You can even envision the muscles starting to melt down around the bones.
Letting go,
Letting go.
Bring your attention to your fingertips.
Feel into any tingling or humming sensations.
Bring your fingers one by one to soften,
To release,
To relax.
While feeling the aliveness,
That humming.
And then moving your attention to the palms of your hands.
Any heat,
Any sweating or any coldness.
And then feeling the parts of your hands that are touching either your thighs or the ground or the table in front of you.
Feel that connection.
And see if you can allow them to come a little bit lighter and a little bit softer.
And then bringing your attention to the totality of the hands.
From the wrists,
Feel the wrists from the inside out,
Down to your palms,
To the tops of your hands,
To your fingertips,
And allowing everything to relax,
To release and to soften.
Moving on up through to your arms.
From your elbows,
Feel the seeping of relaxation dripping down through your forearms,
Down to your wrists,
From your wrists to your hands to your fingers.
And then go ahead and bring your attention up to your shoulders,
Allowing the shoulders to be really heavy.
Letting them fall flat and down on the back as they open up through your shoulder bones,
As they then open up through your collar bones,
And then moving down through to your triceps and your biceps,
To your elbows,
To your forearms,
All the way down through to your fingertips.

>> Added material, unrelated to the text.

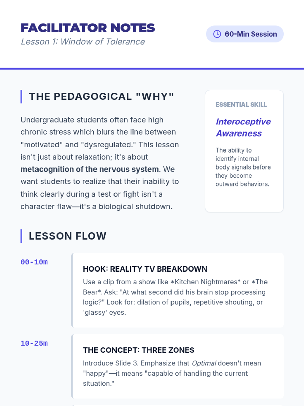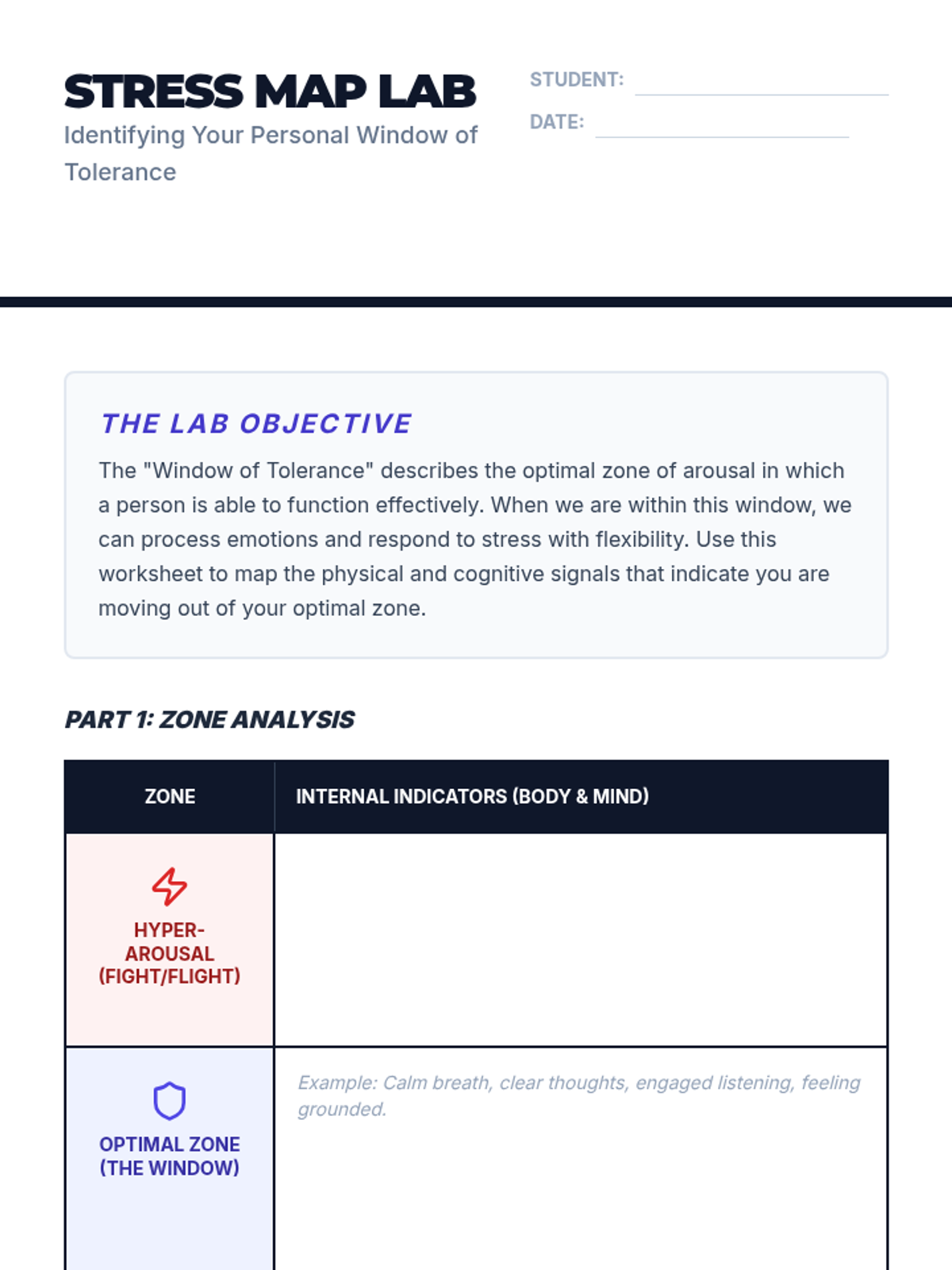 A mastery-focused sequence where undergraduate students audit their current stress responses and design a personalized, tiered emotional regulation protocol. Students use systems thinking to build resilient habits and prepare for future distress.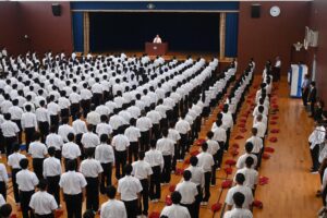 続いて終業式が行われました。式辞の中で校長先生が旧生徒会役員の活動に触れられました。生徒自ら校則の改訂を求めて活動した生徒会は、呉港高校においてはおそらく初めてであり、その自主自律の精神と行動力を高く評価するお話がありました。また、これから始まる夏休み、自由になる時間を有効に使い、意義深い長期休暇となるよう行動してほしいというお話がありました。

Noticing any tightness and letting go,
Letting go.
And then retrace the attention up through the arms,
Through to the shoulders.
And then let's bring the attention to the front of the body,
To the heart,
And to the chest,
Noticing any tightness,
Any tension.
And just work to breathe into those areas.
Letting go,
Release.
Moving down through the torso as you're sitting up tall,
Down to your stomach,
Noticing the rise and the fall of the belly and the rib cage.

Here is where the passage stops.